▶ **TASK BRIEF**
Start with the line containing "Lo acompañan Su" and write out each line through the end of the listing, exactly as given.

▶ **PROVIDED DATA**

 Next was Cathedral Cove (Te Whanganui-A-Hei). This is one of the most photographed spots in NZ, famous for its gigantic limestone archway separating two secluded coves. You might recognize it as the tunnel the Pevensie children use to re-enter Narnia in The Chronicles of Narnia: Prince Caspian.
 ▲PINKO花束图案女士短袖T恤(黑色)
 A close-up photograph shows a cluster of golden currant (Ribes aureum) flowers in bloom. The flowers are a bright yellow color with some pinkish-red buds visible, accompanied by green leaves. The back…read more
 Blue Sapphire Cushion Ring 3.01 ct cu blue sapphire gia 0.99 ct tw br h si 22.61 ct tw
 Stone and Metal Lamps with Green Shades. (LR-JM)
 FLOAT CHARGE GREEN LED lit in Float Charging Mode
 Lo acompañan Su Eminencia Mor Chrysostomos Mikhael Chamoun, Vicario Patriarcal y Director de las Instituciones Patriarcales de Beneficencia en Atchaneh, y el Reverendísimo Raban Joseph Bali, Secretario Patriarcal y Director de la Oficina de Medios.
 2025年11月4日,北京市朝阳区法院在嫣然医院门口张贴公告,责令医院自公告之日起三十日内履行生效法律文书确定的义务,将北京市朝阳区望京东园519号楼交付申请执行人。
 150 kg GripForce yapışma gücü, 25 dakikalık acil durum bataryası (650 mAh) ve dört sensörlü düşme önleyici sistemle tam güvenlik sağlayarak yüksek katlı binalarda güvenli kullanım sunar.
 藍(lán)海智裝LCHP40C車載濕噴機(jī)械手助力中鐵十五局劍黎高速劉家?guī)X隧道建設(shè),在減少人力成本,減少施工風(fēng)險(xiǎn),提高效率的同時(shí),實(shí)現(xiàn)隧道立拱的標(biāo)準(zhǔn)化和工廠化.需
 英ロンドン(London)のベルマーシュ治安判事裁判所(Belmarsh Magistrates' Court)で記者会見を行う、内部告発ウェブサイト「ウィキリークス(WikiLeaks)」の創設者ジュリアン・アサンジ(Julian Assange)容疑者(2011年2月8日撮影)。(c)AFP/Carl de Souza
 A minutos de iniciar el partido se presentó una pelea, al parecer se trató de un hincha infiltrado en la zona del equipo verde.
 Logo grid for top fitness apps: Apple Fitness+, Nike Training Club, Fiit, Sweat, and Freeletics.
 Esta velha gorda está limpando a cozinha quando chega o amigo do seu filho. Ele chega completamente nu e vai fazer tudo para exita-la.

▶ **EXERCISE SOLUTION**
 Lo acompañan Su Eminencia Mor Chrysostomos Mikhael Chamoun, Vicario Patriarcal y Director de las Instituciones Patriarcales de Beneficencia en Atchaneh, y el Reverendísimo Raban Joseph Bali, Secretario Patriarcal y Director de la Oficina de Medios.
 2025年11月4日,北京市朝阳区法院在嫣然医院门口张贴公告,责令医院自公告之日起三十日内履行生效法律文书确定的义务,将北京市朝阳区望京东园519号楼交付申请执行人。
 150 kg GripForce yapışma gücü, 25 dakikalık acil durum bataryası (650 mAh) ve dört sensörlü düşme önleyici sistemle tam güvenlik sağlayarak yüksek katlı binalarda güvenli kullanım sunar.
 藍(lán)海智裝LCHP40C車載濕噴機(jī)械手助力中鐵十五局劍黎高速劉家?guī)X隧道建設(shè),在減少人力成本,減少施工風(fēng)險(xiǎn),提高效率的同時(shí),實(shí)現(xiàn)隧道立拱的標(biāo)準(zhǔn)化和工廠化.需
 英ロンドン(London)のベルマーシュ治安判事裁判所(Belmarsh Magistrates' Court)で記者会見を行う、内部告発ウェブサイト「ウィキリークス(WikiLeaks)」の創設者ジュリアン・アサンジ(Julian Assange)容疑者(2011年2月8日撮影)。(c)AFP/Carl de Souza
 A minutos de iniciar el partido se presentó una pelea, al parecer se trató de un hincha infiltrado en la zona del equipo verde.
 Logo grid for top fitness apps: Apple Fitness+, Nike Training Club, Fiit, Sweat, and Freeletics.
 Esta velha gorda está limpando a cozinha quando chega o amigo do seu filho. Ele chega completamente nu e vai fazer tudo para exita-la.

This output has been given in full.